In 1998, Tina accepted a two-year assignment in Washington, D.C., as the first USGS geoscience advisor to the Office of U.S. Foreign Disaster Assistance (OFDA), a USAID unit responsible for coordinating U.S. government responses to disasters overseas. In D.C., she oversaw and initiated programs in geohazards mitigation, advised OFDA on responses to geologic disasters, and served as liaison between Federal agencies, academics, and non-governmental organizations that work on natural hazards mitigation. She also traveled to Thailand, Nepal, Ecuador, Colombia, and Kazakhstan to review or assist with the implementation of hazard mitigation programs.
When Tina returned to AVO in 2000, she resumed her work as a geologist—mapping and studying active Alaskan volcanoes. With colleagues, she strengthened the Alaska-based interagency response system for volcanic eruptions and coordinated AVO’s eruption monitoring and crisis response efforts with Russian counterparts. She is also internationally recognized for her efforts to reduce the risk of volcanic ash to aviation in the North Pacific and globally. As part of an NSF-funded multi-disciplinary team, Tina recently helped install the first volcano monitoring equipment on the long-active Cleveland volcano in the Central Aleutians.
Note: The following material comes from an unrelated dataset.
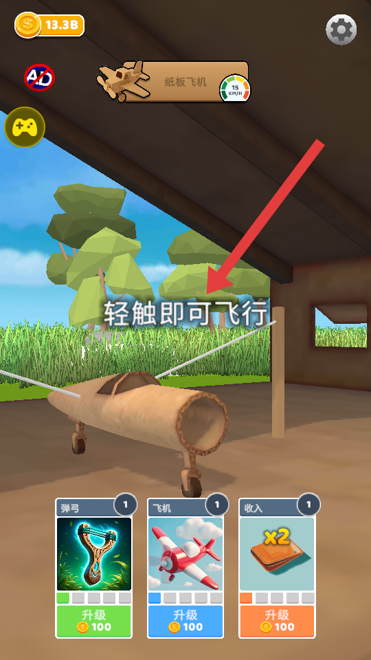 1、根据“轻触即可飞行”提示,轻触屏幕让纸板飞机起飞,开始飞行挑战。

In addition to outstanding geologic work, Tina honed her managerial skills during two details as Chief of Staff and Deputy Regional Director for the USGS Western Regional Office in 2009–2010 and as Acting Scientist-in-Charge at AVO in 2010.
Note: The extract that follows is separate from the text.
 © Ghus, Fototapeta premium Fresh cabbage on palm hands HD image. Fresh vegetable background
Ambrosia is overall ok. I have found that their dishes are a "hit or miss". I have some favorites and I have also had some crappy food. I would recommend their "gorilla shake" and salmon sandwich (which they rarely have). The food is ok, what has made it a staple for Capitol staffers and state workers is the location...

Over the years, Tina has maintained ties to HVO. In 2012, she helped with HVO’s 100th Anniversary Open House, and in October 2014, she spent two weeks at HVO assisting with monitoring efforts and community meetings as Kīlauea’s lava flow moved toward Pāhoa.
Tom Murray, Director of the USGS Volcano Science Center, which oversees all five USGS volcano observatories, notes that he was thrilled when she accepted the post as HVO’s leader. “Tina brings to the HVO Scientist-in-Charge position the required broad scientific background, strong communication skills, and eruption response experience, including much work with various communities at risk. I know that both HVO and the communities that it serves will be in good hands going forward,” he said.
HVO’s staff is also thrilled. Welcome, Tina—it’s great to have you back!
Kīlauea activity update
Kīlauea’s East Rift Zone lava flow fed breakouts across the leading 2.5 km (1.6 mi) of the flow, but had not advanced farther downslope. Breakouts were also active about 6 km (4 mi) upslope from the flow front, over a broad area about 3 km (2 mi) northeast of Puʻu ʻŌʻō, and on the north flank of Puʻu ʻŌʻō. The Puʻu ʻŌʻō crater also gradually subsided over the past week.
The summit lava lake level tracked summit deformation, dropping about 25 m (80 ft) associated with sharp deflation that began on March 1. The dropping lava level triggered a large collapse within the Overlook crater on March 4 that slightly enlarged the lava lake. The lake level was about 74 m (240 ft) below the rim of the Overlook crater as of Thursday, March 5.
There were no earthquakes reported felt on the Island of Hawai`i during the past week.